Continuing its commitment to open-source initiatives, Meta has unveiled a new AI benchmark named FACET. FACET, short for “Fairness in Computer Vision Evaluation,” serves as a tool to assess the impartiality of AI models designed for classifying and detecting objects, including individuals, in photos and videos.
This dataset comprises 32,000 images featuring 50,000 individuals meticulously annotated by human annotators. FACET covers various categories such as occupations and activities, including “basketball player,” “disc jockey,” and “doctor,” as well as demographic and physical attributes. This comprehensive approach enables deep evaluations of biases against these categories.

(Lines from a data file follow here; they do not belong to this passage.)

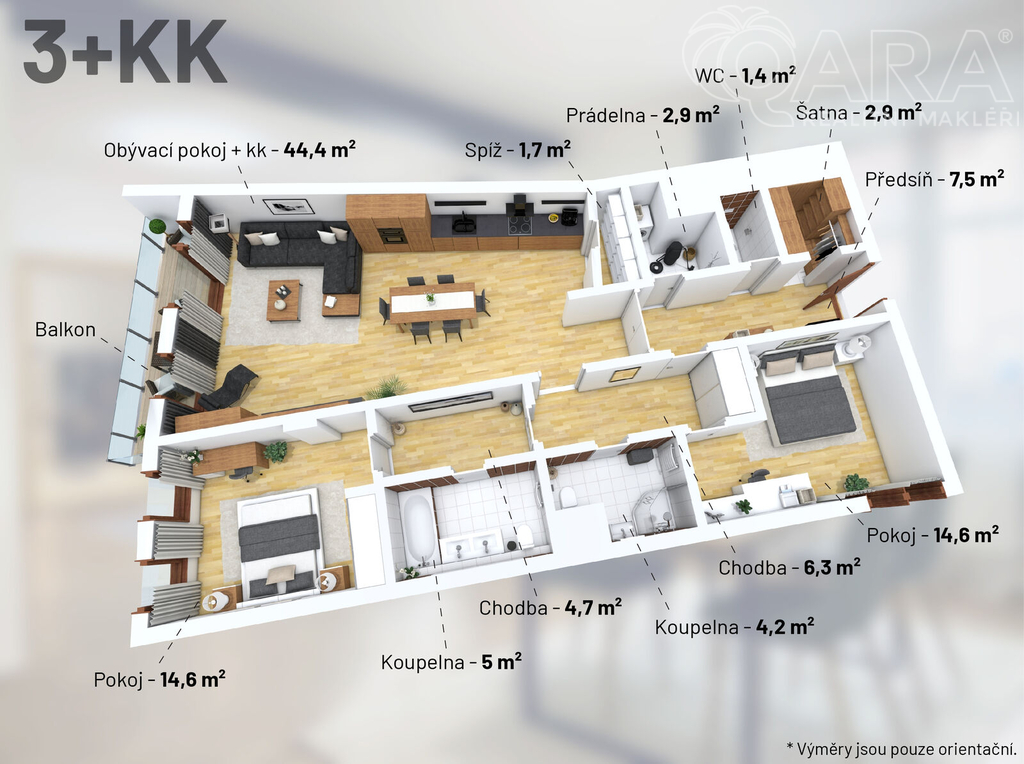 Pronájem prostorného bytu 3+kk, 117 m2 Rezidenční Park Baarova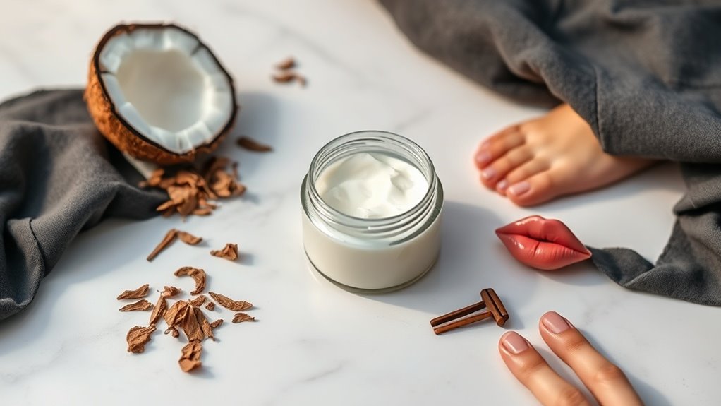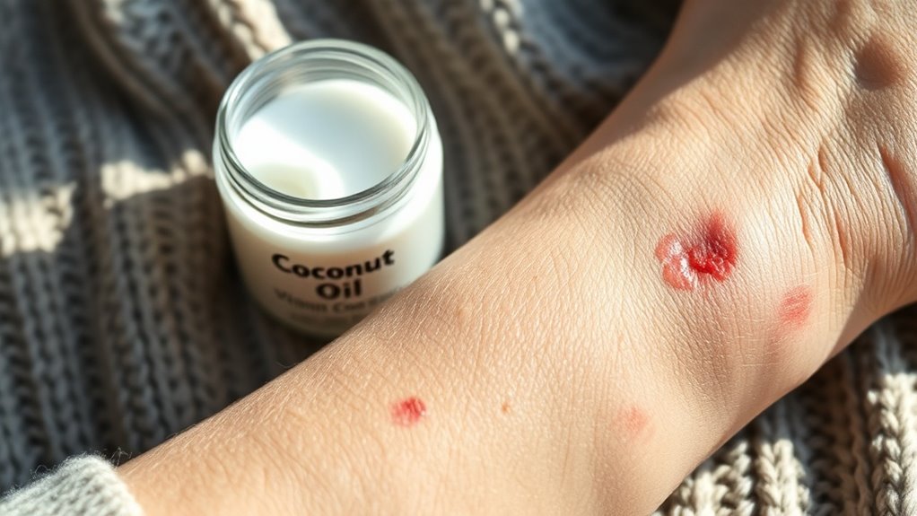 Store coconut oil at room temperature so it stays soft and easy to apply whenever you need quick relief. For enhanced effectiveness, you can combine coconut oil with beeswax or calendula in homemade salve recipes that offer additional skin barrier repair benefits.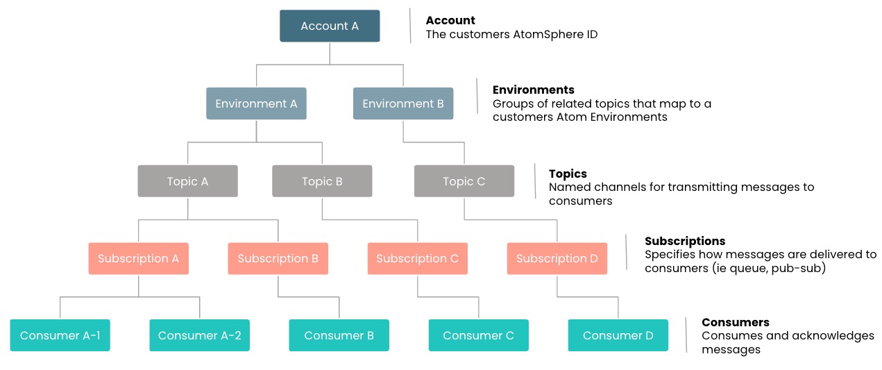 Subscriptions - Determine the delivery pattern used to send messages to consumers.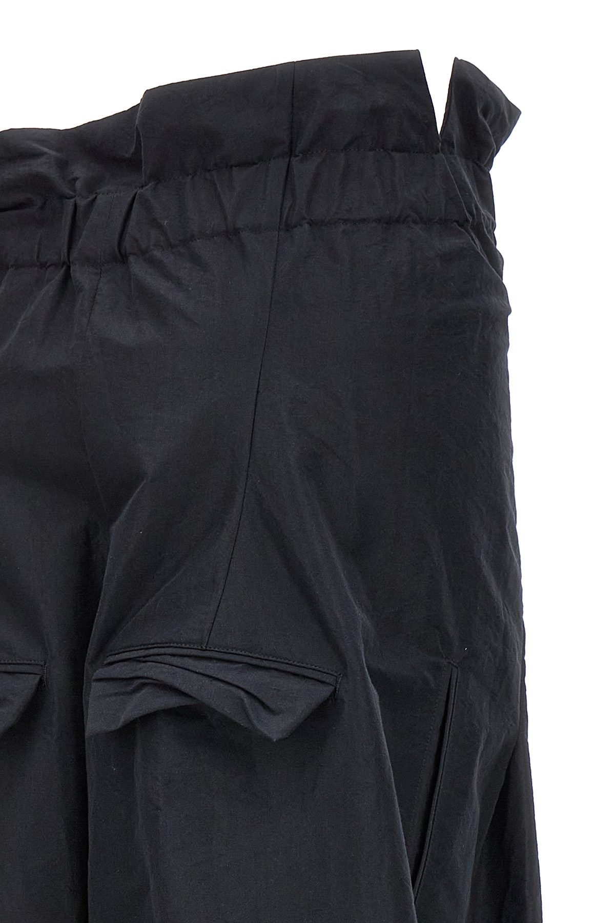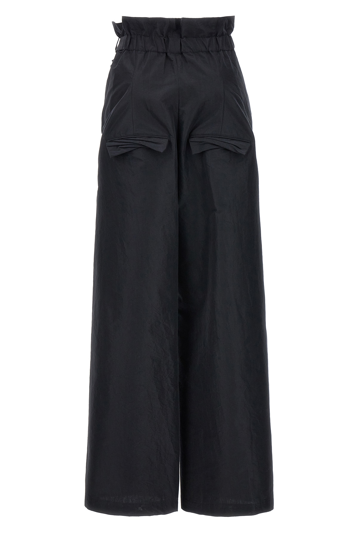 'Enfold' cotton blend trousers with elastic waistband, adjustable strap, pockets.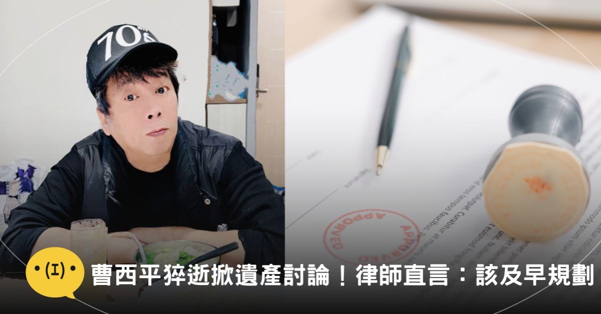 資深藝人曹西平日前驚傳猝逝,享年66歲,震驚演藝圈,也意外引發社會對「遺產繼承」與「特留分制度」的關注。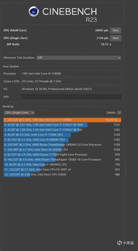 ▼跑個CineBench R23,單線程2146、多線程38883,差一點破4W,小超一下肯定就過了。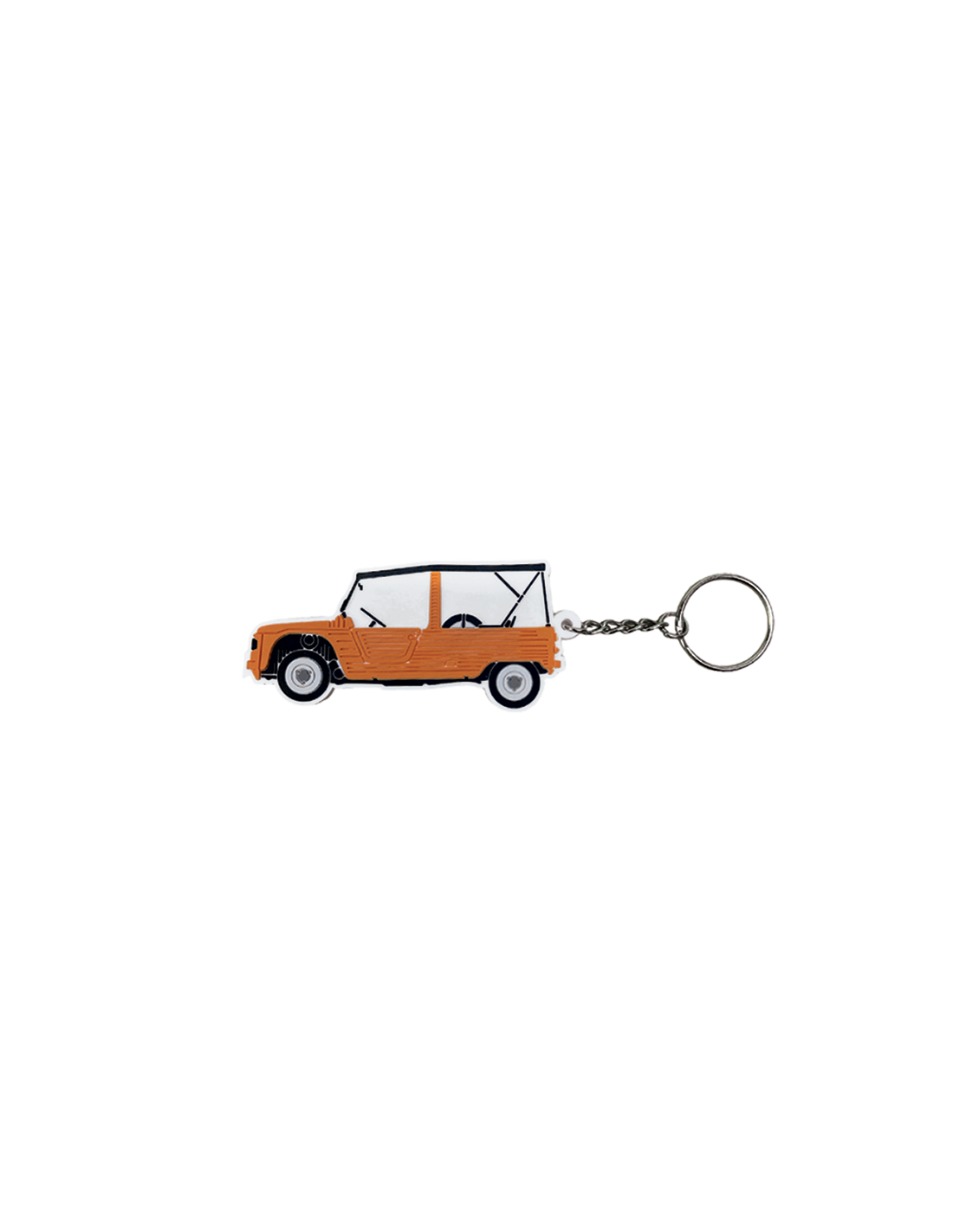 Ajoutez une touche vintage et colorée à vos clés avec ce porte-clé Méhari orange en caoutchouc (REF : 2775MOR). Souple, résistant et agréable au toucher, il représente la silhouette emblématique de la Citroën Méhari dans un coloris orange vif, idéal pour les passionnés du mythique cabriolet utilitaire.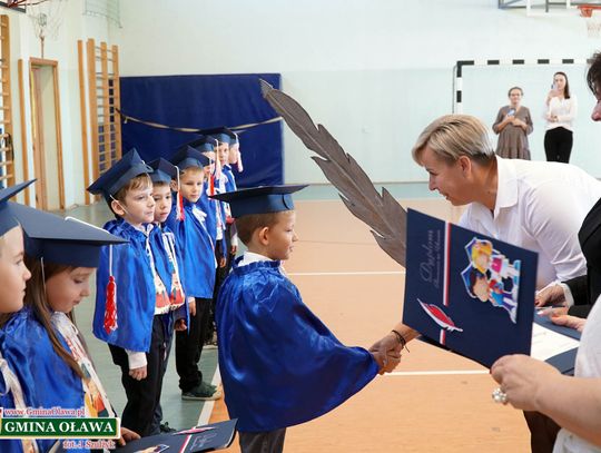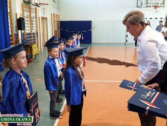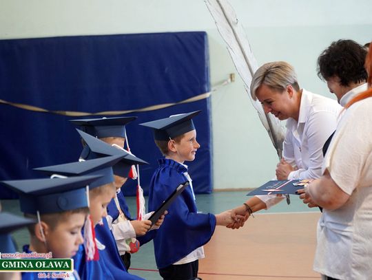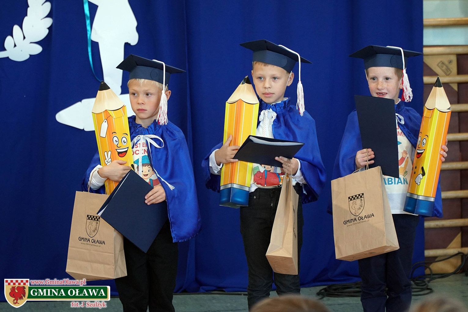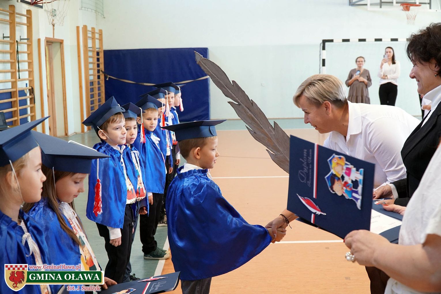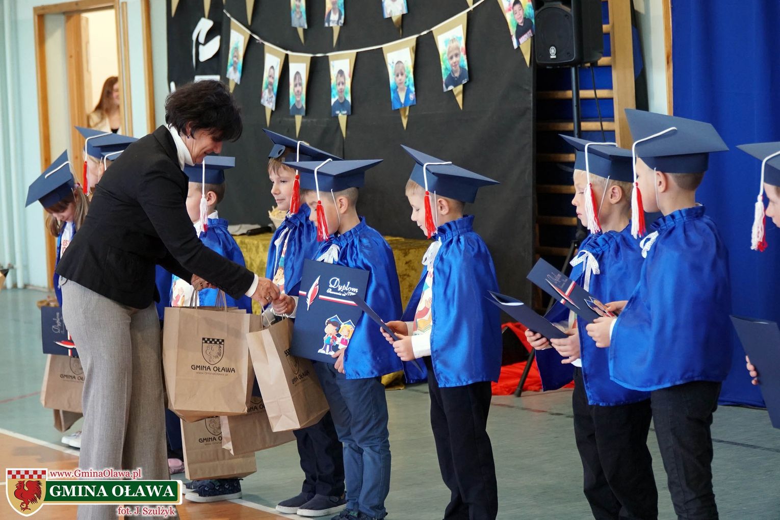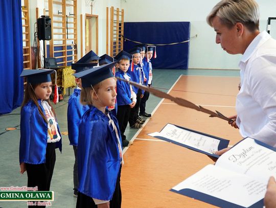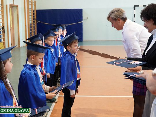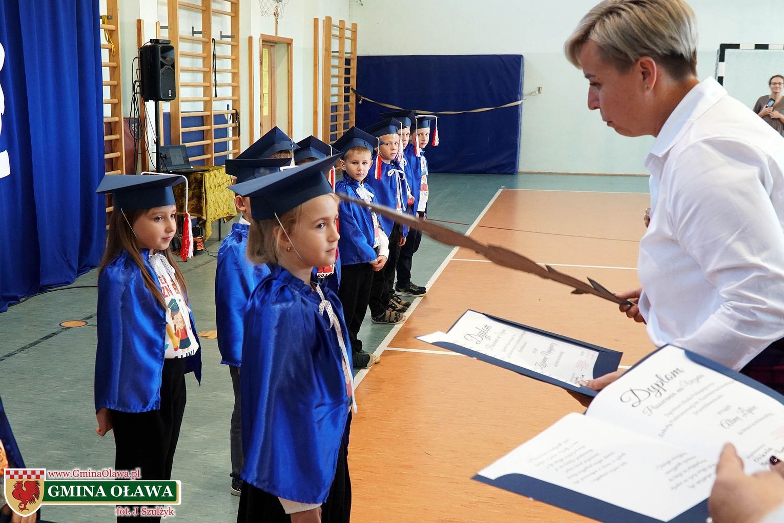 Mimo stresu związanego z pierwszym publicznym występem, uczniowie doskonale sobie poradzili i zaprezentowali swoje talenty wokalne, recytatorskie, muzyczne. Następnie złożyli ślubowanie, a dyrektor szkoły Justyna Kościelna oraz zastępca wójta Helena Masło dokonały uroczystego pasowania na ucznia oraz wręczyły dyplomy i upominki. Na koniec wprowadzono piękny tort, upieczony specjalne na tą okazję i zrobiono pamiątkowe zdjęcia.

Meta expressed its intent behind releasing FACET in a blog post shared with TechCrunch, stating, “By releasing FACET, our goal is to enable researchers and practitioners to perform similar benchmarking to better understand the disparities present in their own models and monitor the impact of mitigations put in place to gain deeper insights into potential disparities within their own models and track the effectiveness of measures taken to address fairness issues, we urge researchers to employ FACET as a benchmarking tool. We also encourage researchers to utilize FACET for assessing fairness in various vision and multimodal tasks.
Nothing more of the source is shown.